The consequences of outages
Unfortunately, if the power does go out as a result of load shedding, a business’ system goes down. Unable to access data, businesses cannot transact or operate in any capacity. Essentially, this leaves the business dark for up to several hours and possibly even days, depending on the severity of the outage. In such instances, businesses suffer severe financial losses: not transacting means no business which translates to lost revenue. The business also spends money on resources and staff who are effectively rendered unproductive for the duration of the outage.
However, if frequent power outages occur then it can also cause damage to hardware, through the likes of power surges (when power is restored) and the strain of systems shutting down and restarting.
The impact on data
Regardless of which platform a business chooses to store and backup its data, be it the cloud or on-premise servers, data storage is also reliant on hardware.
Data is generally a business’ most important asset, and loss (or loss of access) to data can be detrimental. Often, a loss of power can cause data to corrupt, rendering it irrecoverable, especially when that data is in the process of being backed up. Data that already resides on storage devices can be rendered inaccessible, not just during a power outage but after the fact, too.
It’s relatively easy to lose data due to a power outage, but it’s just as simple to protect it and ensure losses don’t occur. Almost more important than protection – and certainly from a data loss due to power outage point of view – is data availability. Any business should have a replica of its data off-site, or in a separate location from its primary data storage facility. This allows the company to have a secondary backup in the event of a data loss, whether through power outage or any other disaster.
It’s also important that the business backs up its data on an ongoing basis. Traditional working hours are a thing of the past, and technology has enabled mobility. Employees need to be able to access systems and data from anywhere and at any time. A nightly backup may suffice for businesses that stick to traditional in-office hours, however a mobile workforce needs access to up-to-date data at any given time.

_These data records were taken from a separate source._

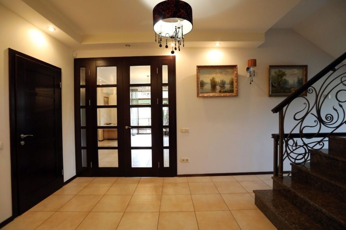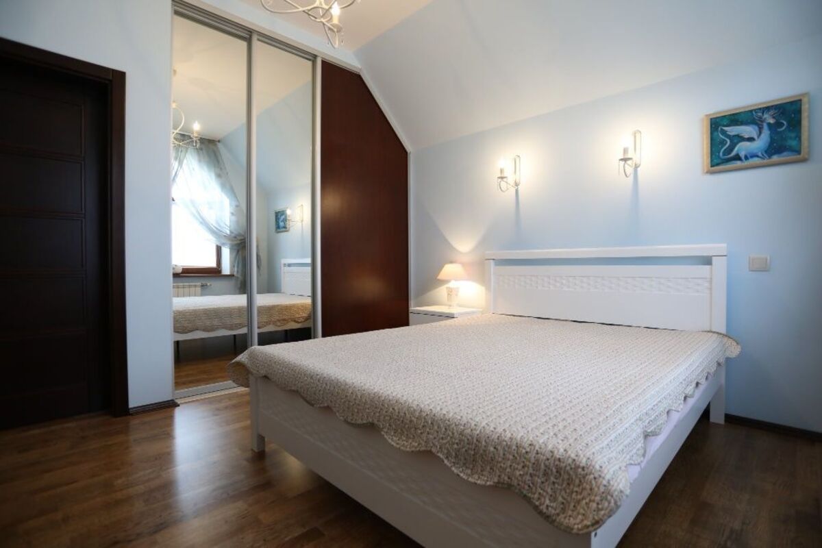 Продається будинок. Охраняемый котеджний городок знаходиться на березі річки Конек на территории Киева. Район ТРЦ Атмосфера. По направлению на Жуків острів. Дом збудован в 2012 году.Площа дома 400 м2, жила - 146 м2. Фундамент з монолитної плити, ленточный(бетонні блоки). Стіни из червоного кирпича (в 2 кирпича-50 см); утепленя-пенопласт 5 см, минеральная штукатурка. Перекриття-жб плиты, лестницы-монолитні жб. Крыша-металлочерепиця. Повністтю меблирован брендовой мебелью и укомплектован бытовой техникой. В цокольном этаже - хозяйственные помещения и спа-зона с сауной. На 1-поверсі - велика вітальня з каміном і виходом на терасу. Спальня. На 2-поверсі - 3 спальні з ванними і бібліотекою в холі. На мансарді ігрова зона для детей.Всего в будинку чотири спальні, кабінет, 2 ванні, 2 туалети і гараж. Проект будинку «Фаворит» архітектора Григорєва І. М. Водопостачання від 2-х свердловин КГ «Коник» глибиною 160 і 220 м, система водоочистки і центральна каналізація. Опалення-тепловий насос фірми 'Octopus' і дуже економний газовий котел Buderus. Економія при опаленні колосальна. Ділянка землі 10 соток з ландшафтного дизайном, декоративними рослинами і плодовими деревами. Обладнаний системою автополиву. Потужність трьохфазову ел.тока-25 кВт. Центральний газ. Котеджне містечко «Коник» має унікальну локацію - 5-7 хвилин до ст. Метро Видубичі і Іподром, 15 хвилин до центру міста, навпаки розташовані ТЦ «Атмосфера» та ТРЦ «Арт Молл». Городок має чудовий дитячий майданчик, набережну і пляж на річці Коник, спортивний комплекс під відкритим небом. На іншому березі річки розташований заказник «Жуків острів». У містечку працює цілодобова охорона з відеоспостереженням і фізичним патрулюванням. Будинок продається вперше. |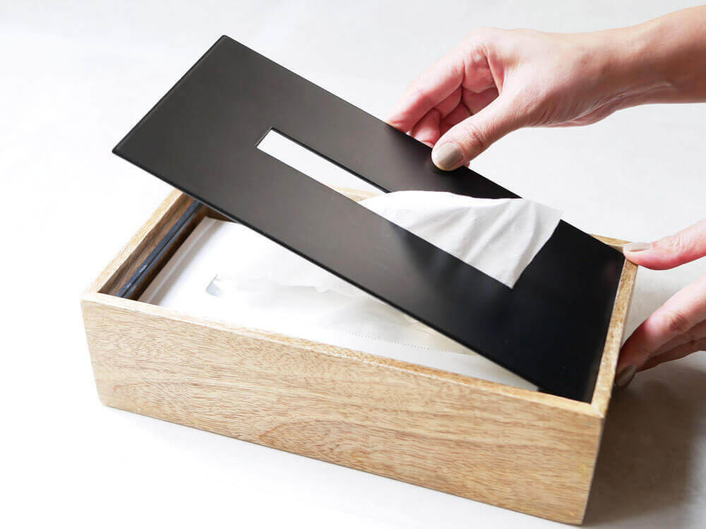 ウッドとアイアンの組み合わせは、様々な雰囲気のお部屋にマッチし、生活感の出やすいティッシュをお洒落に、そして高級感を感じられます。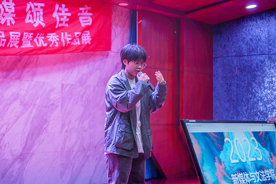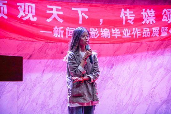 展映伊始,新媒体与文法学院张磊院长受邀致辞,她介绍道,此次展映主题为“视频观天下,传媒颂佳音”,以视频放映、作者交流及杂志展览等形式进行展示毕业生作品,也表示这是一次全新的尝试,希望能借此机会激发学生创作灵感,提升传媒技能,并预祝此次展映顺利完成,将来以更多元创新的方式进行。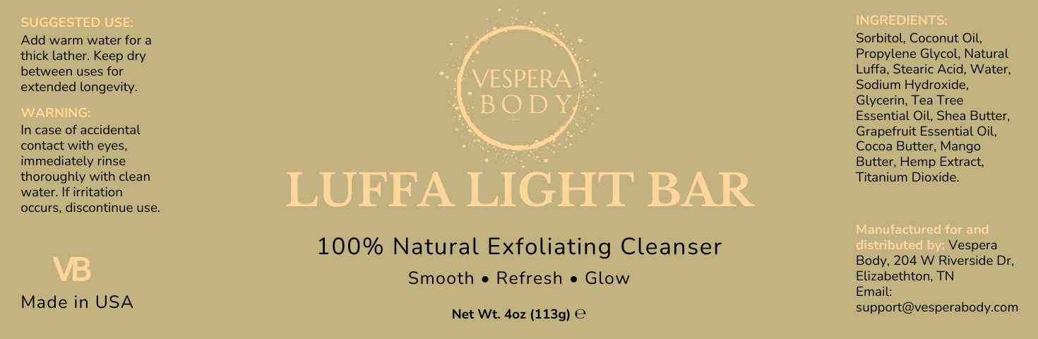 Luffa Light Bar is Vespera Body's handcrafted exfoliating cleanser, designed to gently lift away dullness and restore glow. Made with natural luffa fibers and a nourishing blend of coconut oil, shea butter, mango butter, and hemp extract, this bar delivers biodegradable exfoliation that’s kind to your skin and the planet.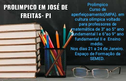 José de Freitas-PI está no mapa das Olimpíadas Nacionais desde o ano de 2019, há uma preocupação para inserir a cultura olímpica nos estudantes da rede municipal de ensino, a Secretaria Municipal de Educação de José de Freitas – SEMED no tocante ao departamento de Ensino Fundamental em parceria com o Instituto de Matemática Pura e Aplicada- IMPA , vem ofertar aos professores de matemática do 3° ao 9° ano do Ensino Fundamental um curso de Aperfeiçoamento em tópicos de Olimpíadas de Matemática, A 1° Edição do programa PROLIMPICO conta com cerca de 35 polos em todo o Brasil e em parceria com várias instituições de ensino. A SEMED vem se destacando por oferecer uma boa estrutura para realização desse curso de aperfeiçoamento, a Secretária de Educação Professora Amparo Holanda não mediu esforços para dar todo o apoio a realização desse projeto em José de Freitas- PI, os coordenadores do polo em José de Freitas-PI , os professores: Jardel Alves Vieira e Aldreciano Nunes estão satisfeitos com a participação dos professores da cidade e outros municípios circunvizinhos. O programa PROLIMPICO conta com professores altamente preparados tendo uma boa qualidade nas aulas. Vale ressaltar os bons resultados alcançados pelos alunos de José de Freitas-PI , com bom número de menções honrosas na OBMEP e na ONC. Prefeito Roger Linhares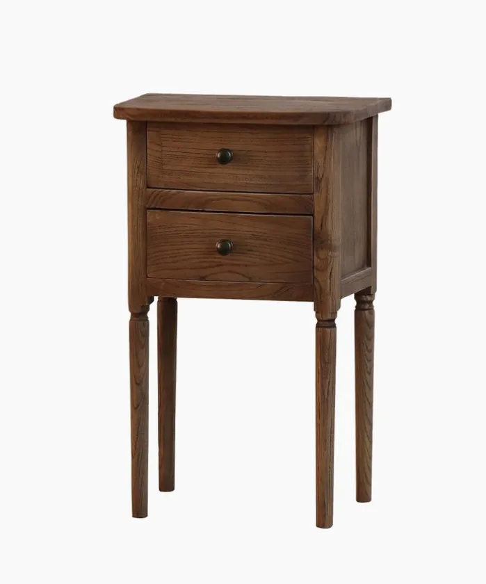 - Style Description:Charming, provincial wooden bedside with two drawers, made form reclaimed elm.

Cloud data storage was made for a mobile world, and can be configured to backup data as it is created.
Finally, the business should ensure its business continuity (BC) and disaster recovery (DR) plans cater to any event and should regularly test these plans to ensure that data is recoverable and business can resume with minimal interruption. Where possible, businesses should invest in alternative power solutions. However, where this is not possible, businesses should enable their workforce to work, and access data, from alternative locations, creating an always-on environment.
Data has become a specialist skill in and of itself. To ensure the best possible data protection and availability is in place, businesses should engage with data specialist consultants who understand their data’s value and how best to manage and protect it. Data specialists will be able to help the organisation to evaluate its data so that only relevant data is backed up and protected, saving the business in storage and recovery costs, and helping to centralise data in such a way that the right data is accessed by the right people as required.
Organisations need to have peace of mind that their data is accessible, protected and available at all time, so that they can focus on maintaining operations and business functionality when power fails.